It was poor glue that led to the eventual breakthrough. "One day, during our many failures, the chip fell off," he says. Cowburn noticed that there was still enough laser speckling to measure. At first he thought it was due to ink that happened to be on the paper, but after a few experiments with blank paper he realised it was the paper itself that produced the speckle (Nature, vol 436, p 475).

What was happening? On the microscopic scale, paper is made up of tiny fibres in random orientations. As the laser light hits this rough surface, it is reflected back towards the detectors at many different angles (see Diagram). "Looking back, it's not too surprising that you get this effect with paper - it's very rough," says Cowburn. "The real surprise was that it works really well on smooth surfaces like plastic." Plastic has tiny surface crenulations that form randomly as it cools during manufacture. Most materials have an irregular surface, he says. Only glass and mirrored metal won't produce a speckle.

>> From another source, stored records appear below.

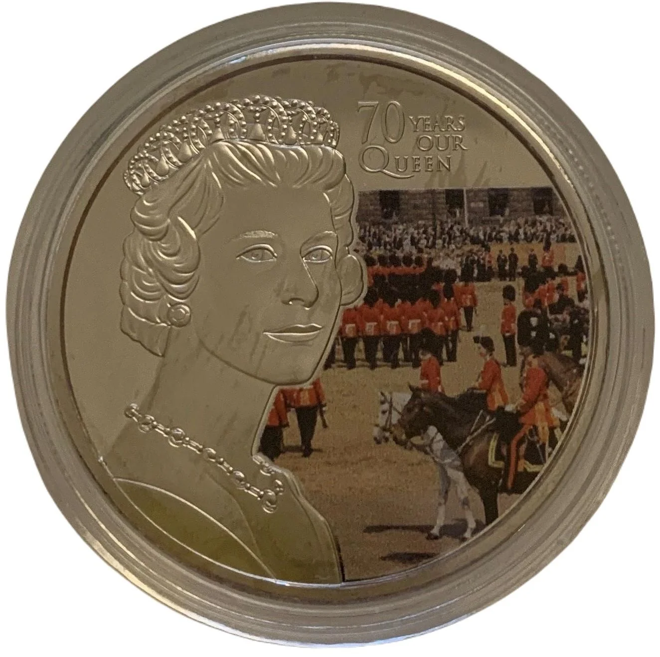 Queen Elizabeth II right-facing bust in George IV State Diadem, legend surrounding, date beneath.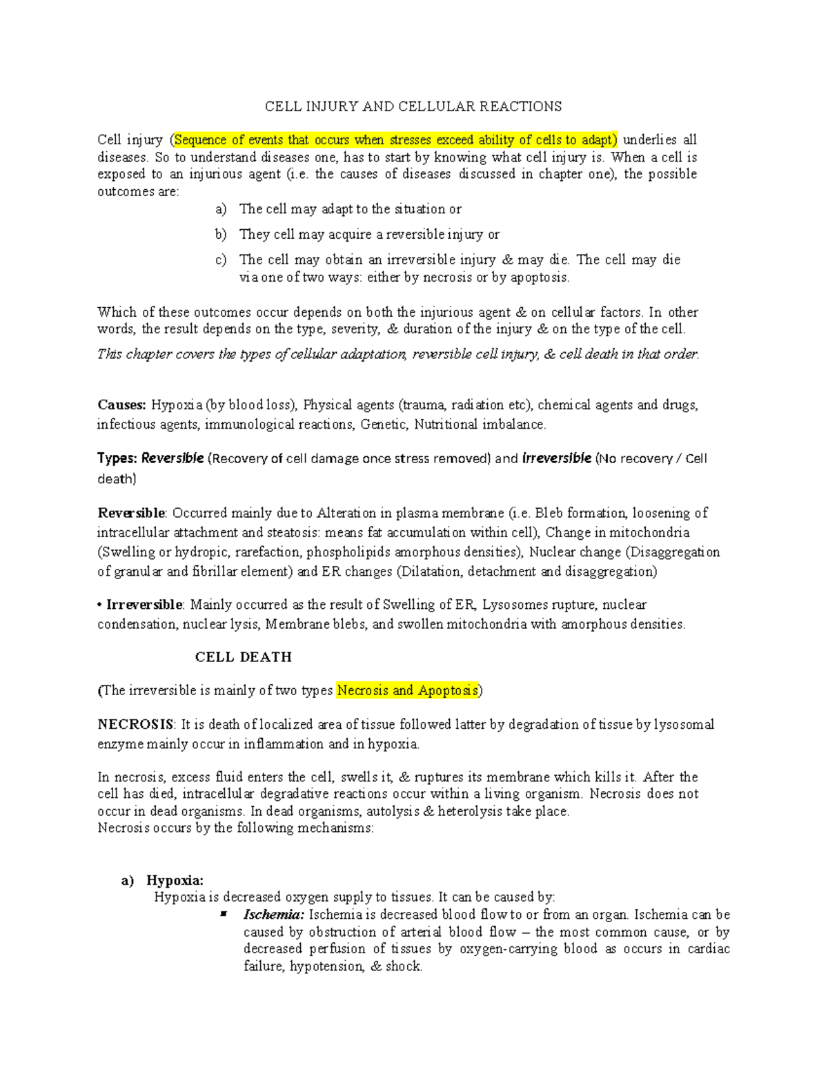 CELL INJURY AND CELLULAR REACTIONS: Understanding Mechanisms and ...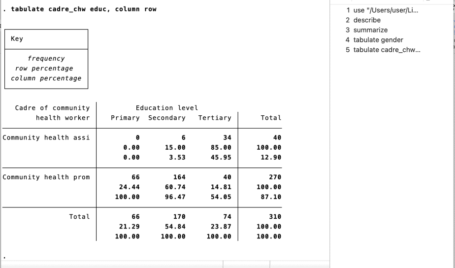 The command syntax for producing two-way tabulations with measures of association is: tabulate [variable 1] [variable 2], column row e.g tabulate cadre_chw educ, column row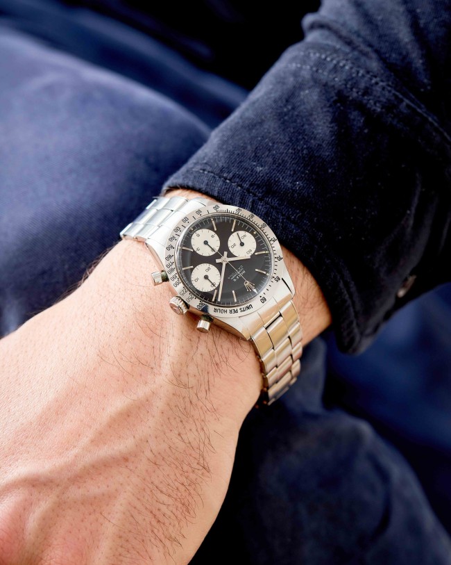 Stainless steel Rolex Daytona ref. 6239. An outstanding and highly attractive Rolex Cosmograph Daytona reference 6239 in stainless steel, dating to 1967 and fitted with a beautiful black dial. This Rolex Daytona was acquired directly from the original owner in the south of Spain, adding exceptional provenance and authenticity and is presented in very nice original condition. Although it has been worn, the case remains beautifully preserved, retaining thick, sharp lugs and strong, well-defined edges. The black dial is in excellent condition and has been professionally relumed to original factory standards, preserving both its aesthetics and legibility. The original rivet Oyster bracelet is remarkably well preserved, showing very little stretch and correctly stamped 1967, further confirming the coherence of the watch. Powered by the legendary manual-winding cal. 722, this Daytona exemplifies the elegant simplicity and functional purity that define early Rolex chronographs. A true classic and a compelling testament to Rolex’s chronograph heritage—an exceptional addition to any serious collection.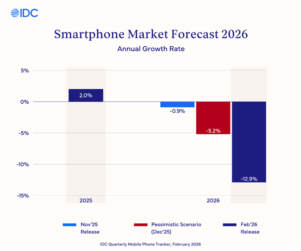 2026年初,Gartner与IDC两大机构一致预判智能手机行业将进入结构性收缩。Gartner预测2026年全球智能手机出货量下降8.4%。

It even works if the surface suffers some damage. You can soak it in water, scorch it or scribble on it with a pen: the unique speckle signature remains readable - and impossible to clone. There's no known way to create two identical signatures, he says. "My day job is making nanostructures, and I don't know how to do it."

Cowburn has now set up a company called Ingenia Technology, and a number of organisations have already adopted his scanners, including Stora Enso, which is one of the world's biggest paper merchants, chemical and pharmaceutical giant Bayer and the International Atomic Energy Agency.

On a mass production line, each product is scanned and its unique laser fingerprint is recorded on a protected database. Each fingerprint takes between 125 and 750 bytes of memory, so a typical 100-gigabyte hard drive could store up to 800 million fingerprints. When you later want to check if a product, say a bottle of shampoo or a banknote, is genuine, you simply scan the fingerprint region again, and the database tells you if you have a match. The scanner measures the average of thousands of points on the surface, so it doesn't need to be held in exactly the same place. Cowburn claims the probability of two naturally occurring matches is 1 in 10150.

Eventually, he wants us to be able to check for ourselves if a product is real, by using a scanner on our PC. This would be linked to the online databases of each manufacturer so we could check whether our shopping was fake the moment we got home. For example, within the past few years fake doses of Pfizer's cholesterol-lowering drug Lipitor somehow appeared on the shelves of pharmacists who thought they had the genuine product. Of course, you'd still need law enforcers to apprehend dealers who sell fakes, but the possibility of identifying fakes would give legitimate retailers a way of checking their wares, would reassure consumers that they were safe, and make it possible for investigators to trace black-market goods.

While these new technologies may be a blow to counterfeiters, there are some downsides for consumers. Seth Schoen of the Electronic Frontier Foundation, an online privacy advocacy group based in San Francisco, says some companies will be equally interested in the ability to monitor in unprecedented detail who has ownership of a particular item. They could use such information to learn about consumer behaviour, for instance.

A company could also use an item's fingerprint to prevent us doing certain things with it, Schoen says. For example, a Californian company called Optikey Security has developed a physical fingerprint technology that could be used to prevent copied CDs or DVDs from working in players fitted with the system. Many discs have digital encryption to protect against piracy but this can be overcome by hackers. Optikey's technology physically stamps a hidden area on an original disc with a microscopic surface pattern, without which it will not play.

The technology will also give companies another means to prevent you using cheaper competitor products. Many inkjet printer manufacturers already do this by placing chips in their printers and cartridges that prevent you using third-party products. "It is not 'counterfeiting' to make a compatible component, or a generic drug, or similarly styled clothing," Schoen says.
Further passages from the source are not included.